Completion of oblique rotation model

Table 6 Evaluation indices of second specification search (oblique rotation)

4 Conclusion

This study uses multivariate statistical analysis to identify the four factors of organic pollution, eutrophication, seasonal, and sediment pollution that mainly influence water quality in the watershed area.

This study uses the AMOS computing program to confirm factor analyses; the initial hypothesized orthogonal rotation model is reported with p value and chi-square of 0.000 and 93.003 completely unfitted. But after oblique rotation, it is confirmed that with the inclusion of a covariance curve, the initial orthogonal rotation is not a complete error estimate. After several explorative factor analyses, this study discovers the optimal model diagram with a p value and chi-square of 0.611 and 17.643 reaching the standards and confirming the normal distribution of reflective indicators of the four factors in the hypothesized model of orthogonal rotation. The good external quality has the biological, chemical, and physical relationship to support the orthogonal rotation model. This also explains the biological, chemical, and physical influences in nature on the nine parameters of water quality.
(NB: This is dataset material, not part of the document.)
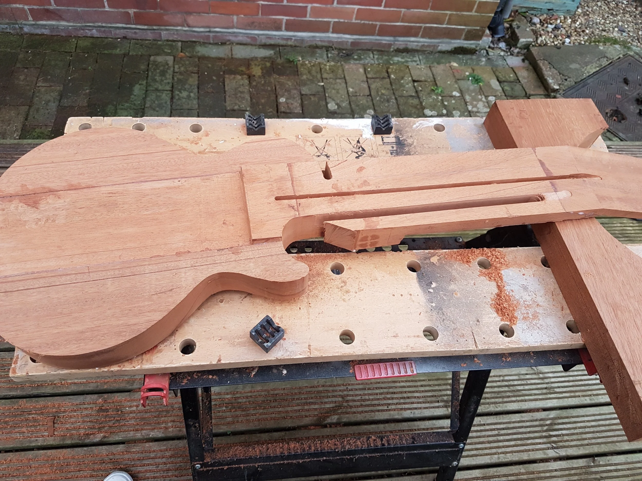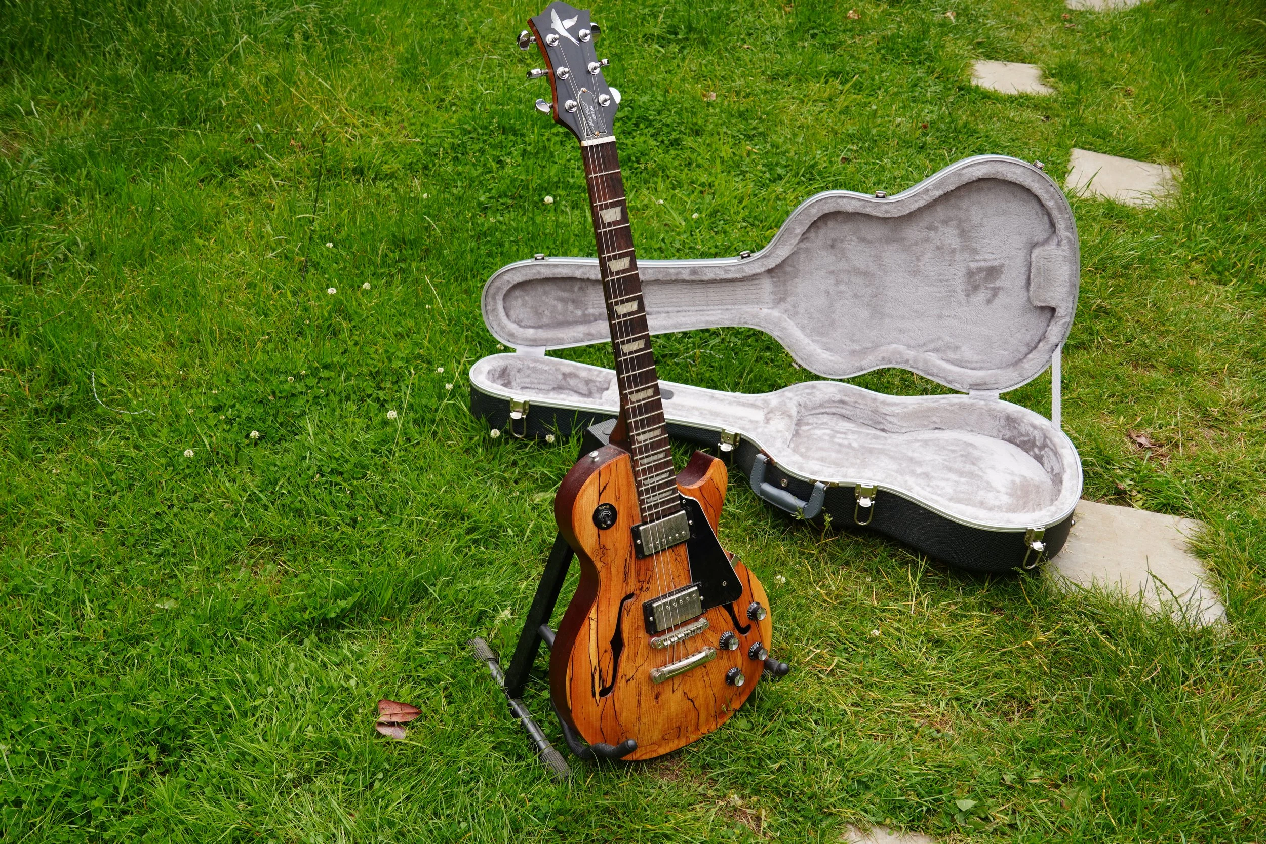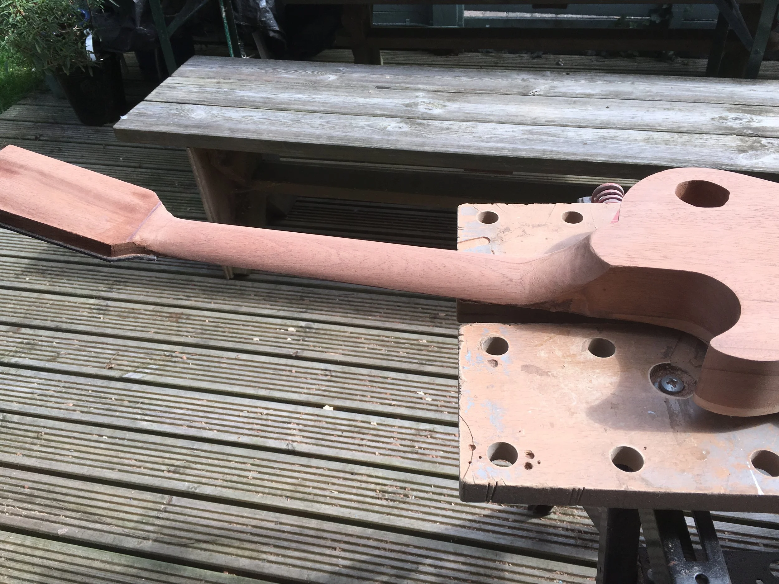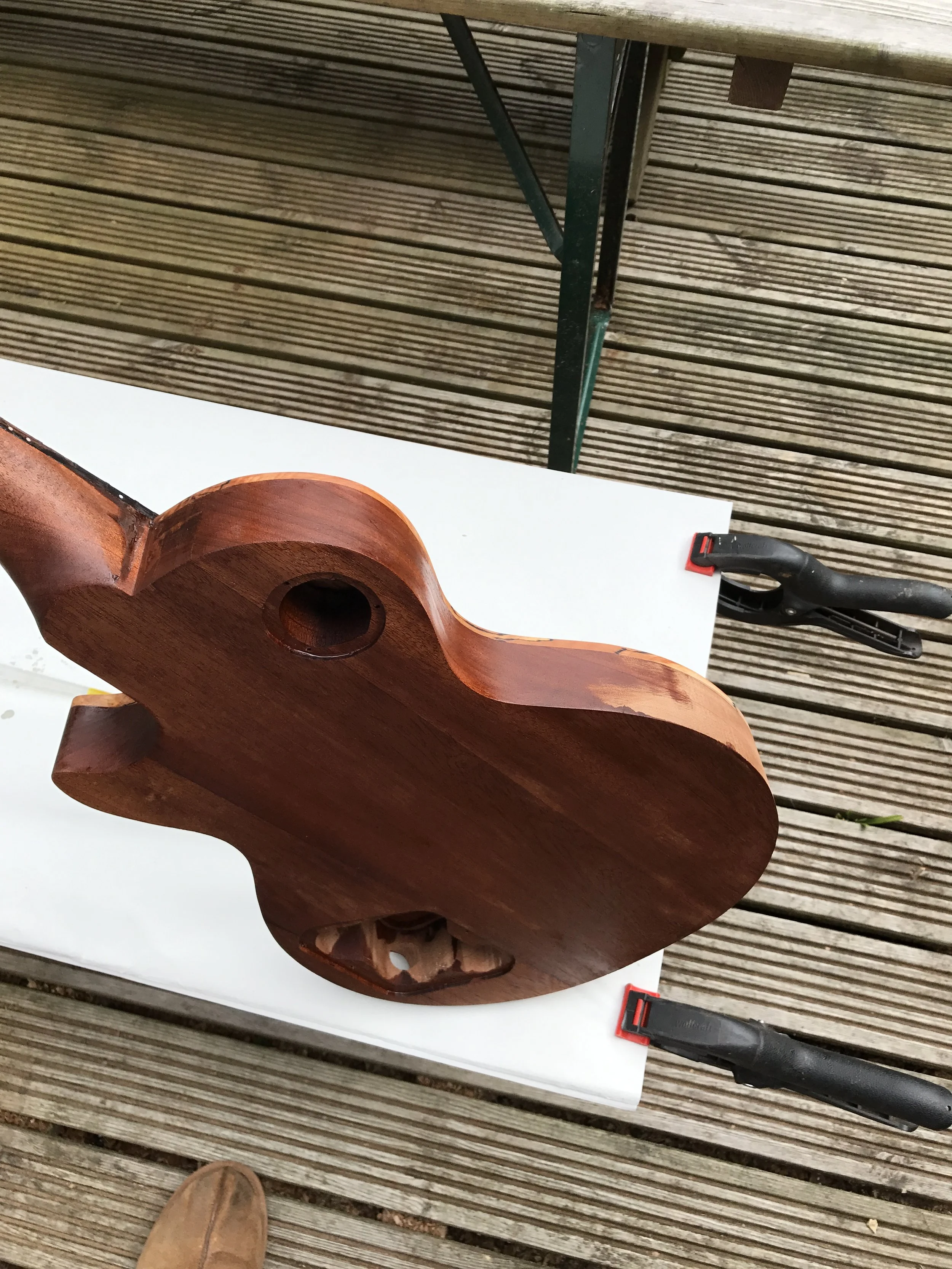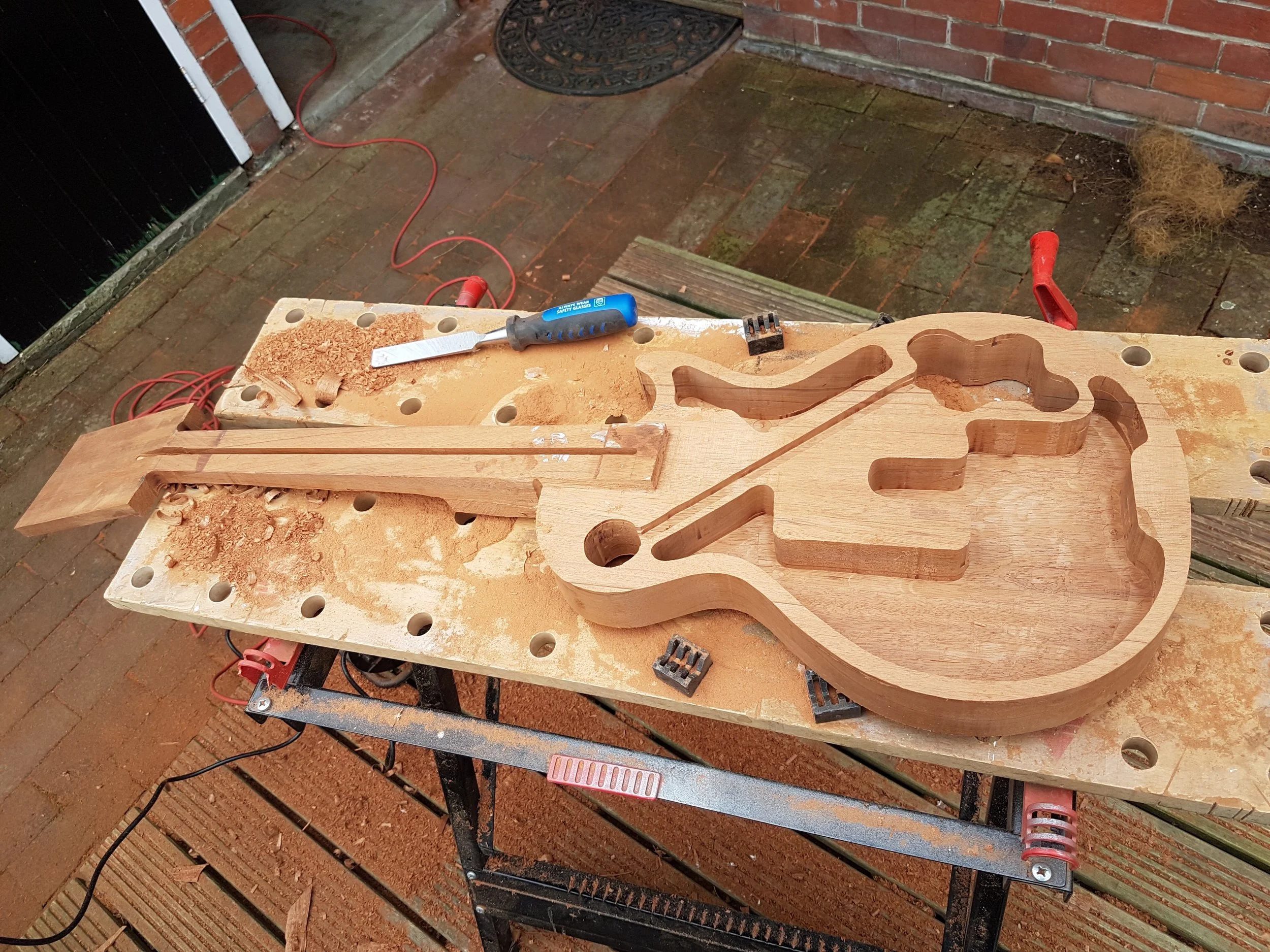 This project began my love of woodworking. Made using a through-body solid mahogany body and neck and a quilted book-matched ash top. The guitar was finished with second-hand Epiphone hardware.

When multivariate analyses are applied, factor analyses, cluster analyses, and discriminant analyses shall also be conducted at the same time to obtain optimal results of statistical analyses. Due to the length limit, this study only presents factor analyses in stage 1 and confirmatory factor analyses in stage 2 to establish the complete set of methods.

In the future, heavy metals that affect water quality shall be included to improve water quality analyses and managerial completeness.

This study aims to establish a set of standard methods for the reference of the reservoir authorities to dramatically improve the application and statistical analyses of water quality monitoring data as well as the enactment of water quality managerial strategies in the watershed areas of reservoirs.